Saunders claims that recent "simple" tests-one to determine whether evidence had been tampered with and another to determine the origin of hair found in the hands of one of the victims-"bared the lie that Cooper was framed." In fact, these "simple" tests were mishandled by the State, rendering them incomplete and inconclusive. Cooper's attorneys and investigators were never allowed access to the evidence in question, with the result that the State-the entity being examined-was allowed to determine which bits of evidence were tested. When the State's experts didn't like their results-for example, when they discovered high concentrations of EDTA, a chemical used to preserve blood, during evidence testing-they threw them out, claiming that they had been "contaminated".
Since the stay of Cooper's execution, his attorneys have further weakened the State's already tenuous case. Perhaps the presiding judge, the Honorable Marilyn Huff, was showing her frustration with the State's inability to prove its case when she took the unprecedented and legally irrelevant step of having victims' family members give impact statements at the hearing. Whatever her intention, her action demonstrates a clear bias against Cooper and allows her to join a long line of prosecutors who have manipulated victims' grief to buttress weak evidence.

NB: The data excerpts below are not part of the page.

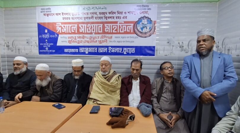 বিশেষ প্রতিনিধিঃ কুয়েতে আনজুমানে আল-ইসলাহ কুয়েত শাখার উদ্যোগে সংগঠনের সদস্য মরহুম ফরিদ মিয়া এবং শামসুল উলামা হযরত আল্লামা ফুলতলী ছাহেব ক্বিবলাহ (রহ.)-এর স্মরণে ঈসালে সাওয়াব মাহফিল অনুষ্ঠিত হয়েছে। কুয়েত সিটির রাজবাড়ী হোটেলে আয়োজিত এই অনুষ্ঠানে সভাপতিত্ব করেন সংগঠনের আহ্বায়ক আবু সাইদ কুতুবউদ্দিন। সদস্য সচিব মুজিবুর রহমান সুফি এবং সাবেক সাধারণ সম্পাদক মাওলানা কাওসার আহমদ সেলিমের যৌথ সঞ্চালনায় অনুষ্ঠানে প্রধান অতিথি হিসেবে উপস্থিত ছিলেন সংগঠনের সাবেক সভাপতি ক্বারী সালেহ আহমদ।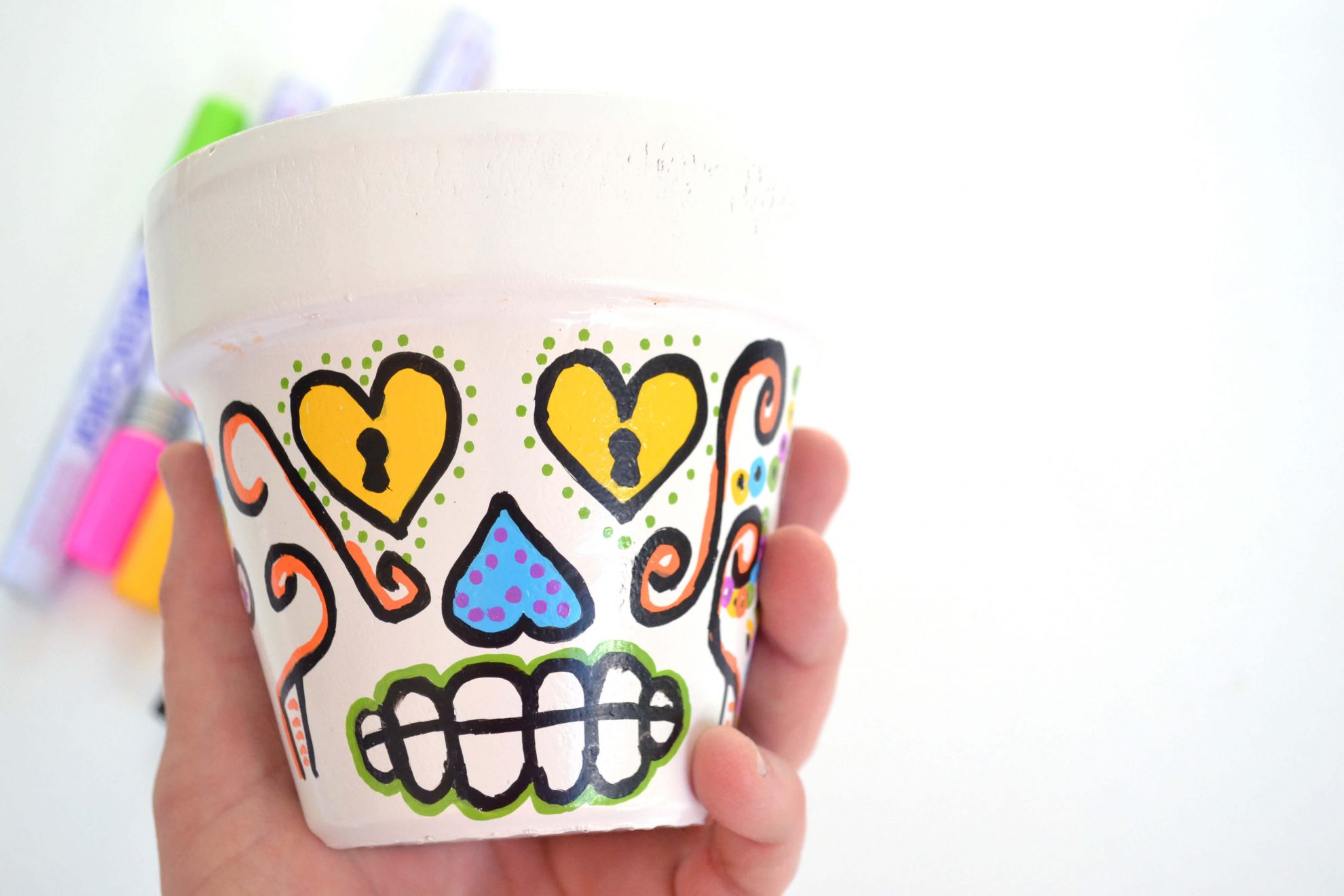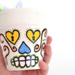 Succulents look super cute in these DIY sugar skull flower pots. Great for Halloween but colorful decor perfect for all year ’round!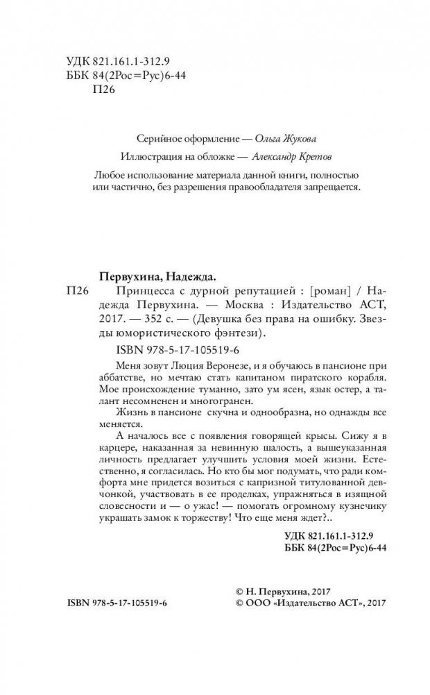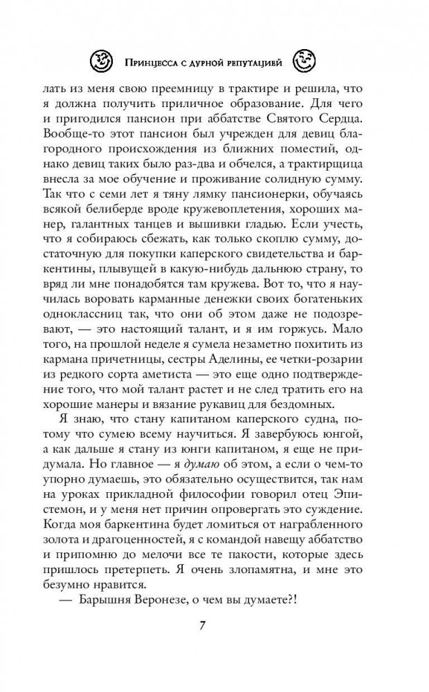 Меня зовут Люция Веронезе, и я обучаюсь в пансионе при аббатстве, но мечтаю стать капитаном пиратского корабля. Мое происхождение туманно, зато ум ясен, язык остер, а талант несомненен и многогранен. Жизнь в пансионе скучна и однообразна, но однажды все меняется. А началось все с появления говорящей крысы. Сижу я в карцере, наказанная за невинную шалость, а вышеуказанная личность предлагает улучшить условия моей жизни. Естественно, я согласилась. Но кто бы мог подумать, что ради комфорта мне придется возиться с капризной титулованной девчонкой, участвовать в ее проделках, упражняться в изящной словесности и – о ужас! – помогать огромному кузнечику украшать замок к торжеству! Что еще меня ждет?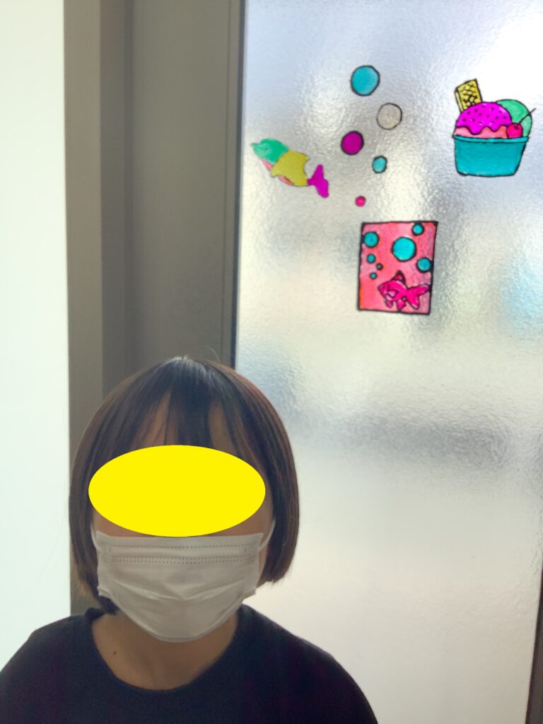 仕上がった作品はイーネットスクールの玄関の窓に貼って写真撮影です📷

Saunders complains about the cost of testing and the abuse of process. It is the State that has abused the process and caused the testing to be useless. None of the Ninth Circuit's concerns have been adequately addressed, a man's life is still in the balance, and there is abundant evidence that those responsible for the deaths of the Ryens and Chris Hughes are still at large. Given the recent revelation that, in 1995, the state of Missouri executed Larry Griffin for a crime he did not commit, one would think that even pro-death penalty diehards like Saunders would proceed with caution. But I guess it is easier to bay for blood when you ignore the facts.